In this case, the primary infection was controlled on hospital day 5, as proven by CT evaluation and decreased WBC and PCT levels. The sudden increase in WBC count and decrease in SpO on hospital day 6 were considered to be caused by newly formed septic pulmonary emboli. Pulmonary emboli above the subsegmental level are a possible, but rare complication of LS, and three days were required for diagnosis of LS. As a result, anticoagulation therapy was not initiated until hospital day 8. The WBC count maintained its peak value on hospital days 6–8 before anticoagulation therapy was initiated, but rapidly decreased after initiation. This quick response suggests that anticoagulation therapy may have contributed to the infection resolution achieved by antimicrobials.
In a review of 137 cases of LS, the authors found that 4–6 weeks of carbapenem or piperacillin/tazobactam combined with metronidazole were effective in terms of infection control, but the reason for the choice of such a duration was not explained in any of the included papers [6]. Our antimicrobial treatment was maintained until the WBC counts remained normal for one week and clinical symptoms improved. The duration was 24 days in total and 16 days after anticoagulation therapy proceeded, which is much shorter than the average. However, it is still unknown whether anticoagulation therapy is essential, which is an important issue especially in cases, such as the one we described, that are complicated by large intraluminal emboli.
In the past few decades, evidence remained poor regarding the management of LS, particularly regarding its potentially life-threatening thromboembolic complications. Consequently, physicians must make their decisions based on small case series or anecdotal cases when facing uncommon thromboembolic conditions, such as LS. Physicians who are opposed to anticoagulant treatment confirm that the thrombus is caused by an infection process and will be resolved at the same time when the infection is resolved. In contrast, some authors confirm that anticoagulant therapy may reduce the morbidity and mortality of serious complications, such as cavernous sinus thrombosis or pulmonary embolism. Theoretically, a septic thrombus sequesters bacteria and creates a barrier to antibiotic penetration. When the thrombus is dissolved by anticoagulants, the bacteria are exposed to a higher concentration of antibiotics, increasing accessibility [8]. Our case supports this hypothesis precisely. Unfortunately, randomized controlled trials are impractical to investigate the use of anticoagulation therapy in the treatment of LS due to the rarity of this illness. Based on small case series, the proposal has been advanced to reserve this approach to bilateral disease only; a single-center retrospective series has found no association with thrombus recanalization, although it is unclear whether recanalization is clinically relevant [9]. The improvement seen in our case despite the absence of bilateral disease and the finding of recanalization following anticoagulation could be explained by the likelihood that the thrombus had developed recently, as suggested by the sudden increase in infection parameters, and may have been more vulnerable to anticoagulation than an older, organized thrombus. This possibility is consistent with the known biology of venous thrombi [10] and should be explored by future research.

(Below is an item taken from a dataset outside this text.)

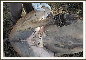 This was a case of an adult male eland that was trapped by a tight wire snare cutting through the fetlock joint of the right hind leg in Lentolia farm; the eland had difficulties of movement and had started loosing body condition due to constant pain and inadequate feeding. The wire had caused an injury to the leg.
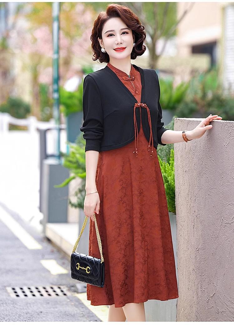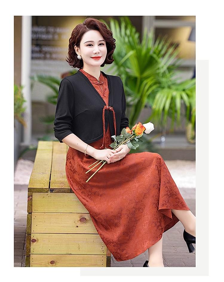 Madre de mediana edad primavera elegante nuevo estilo chino traje falda nuevo vestido de moda para mujeres de mediana edad conjunto de dos piezas

A recent European collaborative study performed an individual patient-level analysis of 712 cases published globally from 2000 to 2017 [1]. The authors could not find disease-specific elements against the safety of anticoagulation and drew the conclusion that therapeutic anticoagulation is indicated for LS if there are no contraindications. Nevertheless, the authors did not provide definitive guidelines for the duration of anticoagulation. According to the American College of Chest Physicians guidelines for provoked thrombotic events, anticoagulation therapy is recommended for a duration of at least 3 months [11], which may be available for reference to Lemierre syndrome presented pulmonary embolism. Our patient received a treatment duration of 20 weeks because his follow-up visit was delayed by the outbreak of COVID-19. A limitation of our case is the lack of microbial isolation. However, the diagnosis of LS is currently accepted even without microbial isolation in the presence of a clinical diagnosis of sepsis from an oropharyngeal focus and thrombi or emboli consistent with the primary infection location [5].
In conclusion, therapeutic anticoagulation may be considered in the management of LS, while further research is needed to evaluate whether the use of anticoagulant and antibiotics leads to better clinical outcomes than the use of antibiotics alone.
Patient Perspective
I’m the daughter of the patient. We are grateful to the doctors’ help in Changzhou First People’s Hospital and happy to share the treatment experience of my father.